Kasus Bali Nine menjadi babak kelam dalam hubungan diplomatik Indonesia dan Australia. Penangkapan sembilan warga negara Australia pada tahun 2005 karena penyelundupan heroin berujung pada eksekusi mati dua anggotanya, Myuran Sukumaran dan Andrew Chan, pada tahun 2015. Eksekusi tersebut sempat menjadikan hubungan antara kedua negara sangat panas.
Kelompok Bali Nine ditangkap pada April 2005 di Bandara Ngurah Rai, Bali, saat mencoba menyelundupkan 8,3 kilogram heroin ke Australia. Mereka dijatuhi hukuman mati pada tahun 2006 setelah melalui proses persidangan yang kontroversial. Kelompok tersebut berpendapat bahwa mereka dipaksa menyelundupkan heroin oleh sindikat kejahatan internasional, namun argumen mereka ditolak oleh pengadilan.
Putusan untuk mengeksekusi dua anggota Bali Nine yakni Sukumaran dan Chan pada tahun 2015 telah menuai kecaman keras dari Australia. Perdana Menteri Australia saat itu, Tony Abbott, menyebut eksekusi tersebut sebagai “penghinaan terhadap keadilan” dan membatalkan kunjungannya ke Indonesia. Pemerintah Australia juga menarik duta besarnya dari Indonesia dan membekukan bantuan pembangunannya.

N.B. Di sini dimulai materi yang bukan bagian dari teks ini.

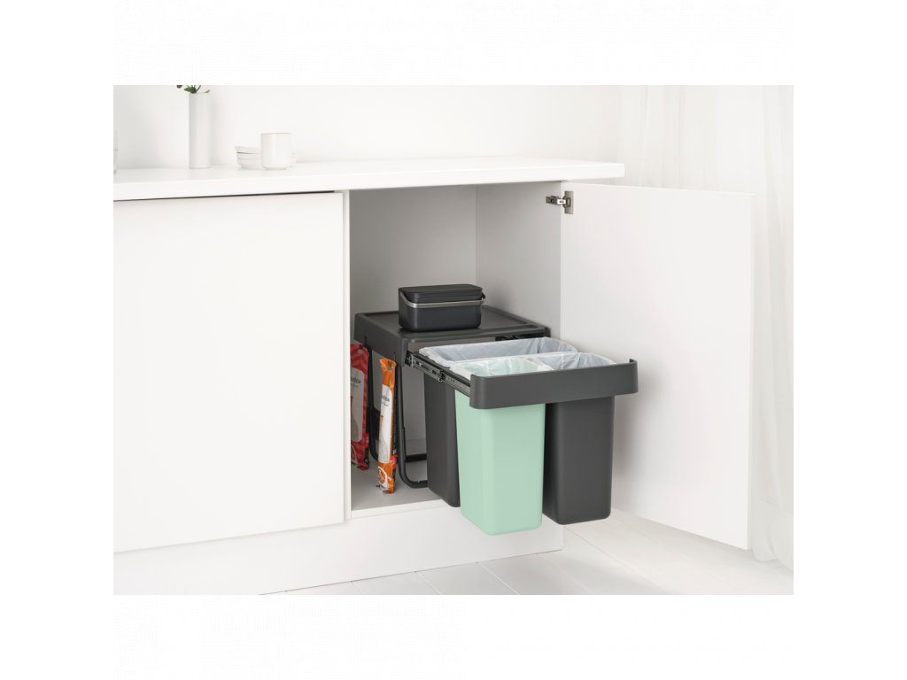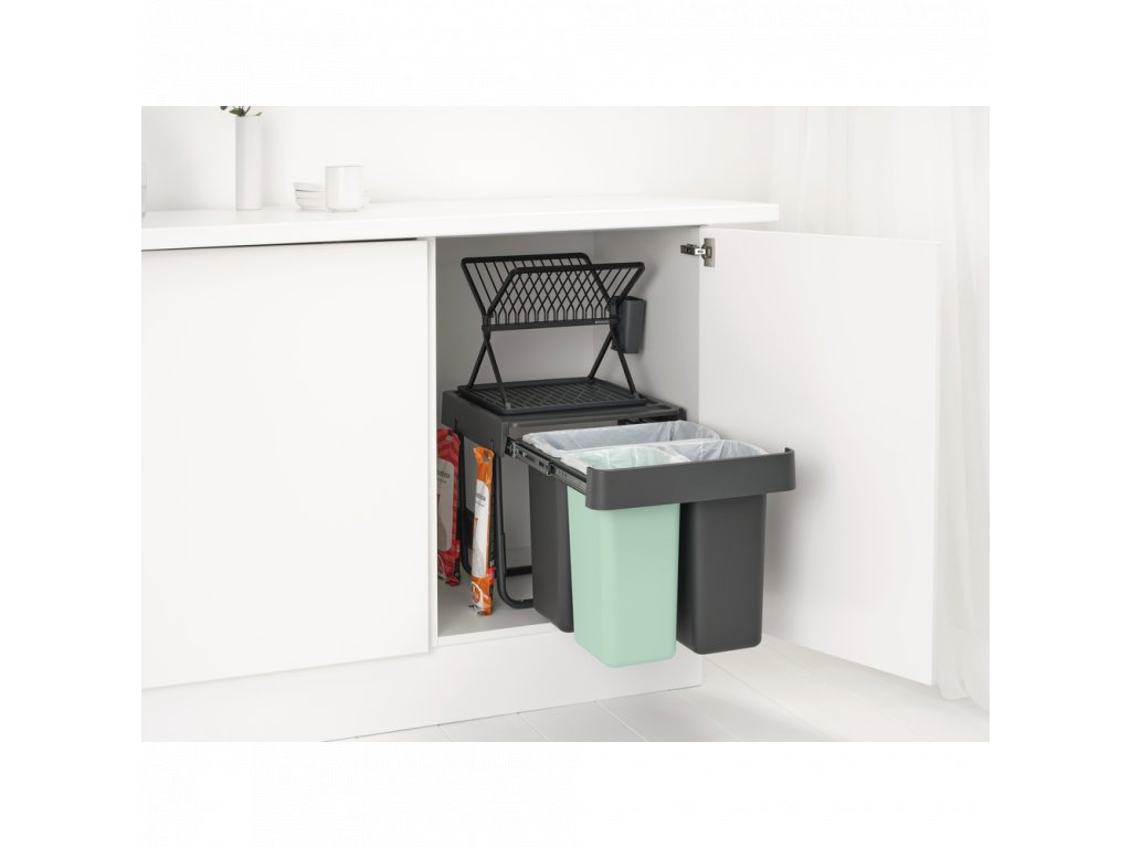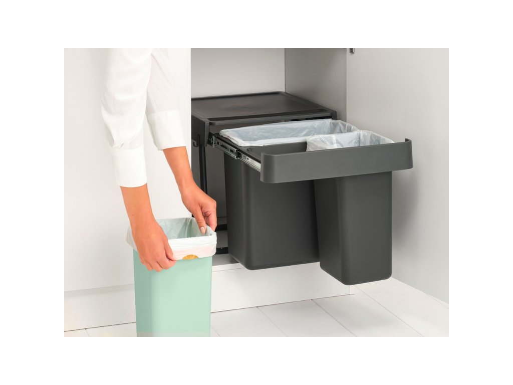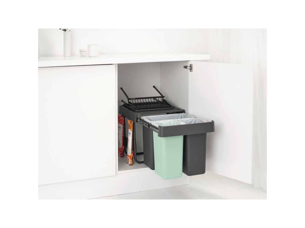Zvyšte svou kapacitu pro třídění odpadu a ušetřete prostor ve vaší kuchyni s vestavěným košem Brabantia Sort & Go o objemu 10+10+20 litrů. Tento praktický koš je navržen tak, aby se snadno schoval do skříně, a to díky jednoduché montáži montážního rámu (samonosný, takže se nemusíte obávat prohýbání dveří!). Diskrétní koše lze umístit do většiny kuchyňských skříněk, bez ohledu na to, zda se dveře otevírají doleva nebo doprava. Navíc nabízejí extra úložný prostor nahoře a háčky na straně pro lepší organizaci. Díky dlouhé teleskopické liště je můžete jednoduše vytáhnout jednou rukou. A samozřejmě, čištění, vyndávání a vyprazdňování těchto košů jsou naprosto jednoduché. Skvělá kombinace praktičnosti a efektivity pro vaši kuchyni!

Hubungan kedua negara menjadi tegang dan komunikasi diplomatik terputus. Ketegangan tersebut semakin diperparah oleh perbedaan pandangan mengenai hukuman mati antar kedua negara. Dalam dialog yang dilakukan di Fakultas Ilmu Budaya pada Jumat, 5 April 2024, Todd Dias, Konjen Australia untuk wilayah Indonesia Timur mengatakan bahwa perbendangan pandangan antara Indonesia yang masih melakukan hukuman mati dengan Australia yang menghapuskan pelaksanaan hukuman tersebut telah menimbulkan perselisihan pendapat yang cukup panas.
Tidak hanya Australia saja, negara-negara lain seperti Brazil menyatakan penentangannya terhadap hukuman mati yang dilakukan oleh Indonesia. Pada bulan Januari 2015, Brazil menolak pelaksanaan hukuman mati terhadap warga negaranya, Marco Archer Cardoso Moreira, dan menarik duta besarnya dari Indonesia. Hal yang sama juga dilakukan oleh Belanda yang menarik duta besarnya dari Indonesia akibat hukuman mati yang diterima warga negaranya pada bulan yang sama.
Hal ini menunjukkan dampak besar dari pelaksanaan hukuman mati terhadap warga negara asing yang dapat mengganggu hubungan diplomatik kedua negara. Agaknya perlu dilakukan pendekatan secara diplomatik terhadap kasus-kasus seperti diatas sehingga hal yang sama tidak terulang. Namun di sisi lain Indonesia juga harus menunjukkan ketegasannya untuk melawan permasalahan narkoba dan menegakkan hukumnya tanpa intervensi dari negara lain.
Pengulangan yang terus dilakukan oleh beberapa warga negara asing asal Australia ini telah menjadi contoh dari ketidakefektifan hukuman mati ini terhadap kasus narkoba. Salah satu contohnya adalah kasus dari Todd Raymond Bradshaw yang tertangkap membawa 25,18 gram ganja pada 2023 kemarin dan juga kasus Graham Welton Jeffrey Huynh yang membawa 8,09 gram heroin dan 0,34 gram sabu pada 2021. Keduanya menjadi contoh dari ketidakefektifan hukuman yang diberikan kepada WNA dalam penanganan kasus narkoba.
Pemerintah seharusnya bekerja sama dengan negara-negara luar untuk memperketat pengawasan terhadap warga negara masing-masing sebelum melakukan pemberangkatan. Apalagi dengan tingginya angka kecanduan terhadap narkoba di Australia yang mencapai 2,8 juta pada 2020 kemarin. Hal ini dapat mencegah kasus-kasus kontroversial seperti hukuman mati ke Sukumaran dan Chan agar tidak lagi terjadi.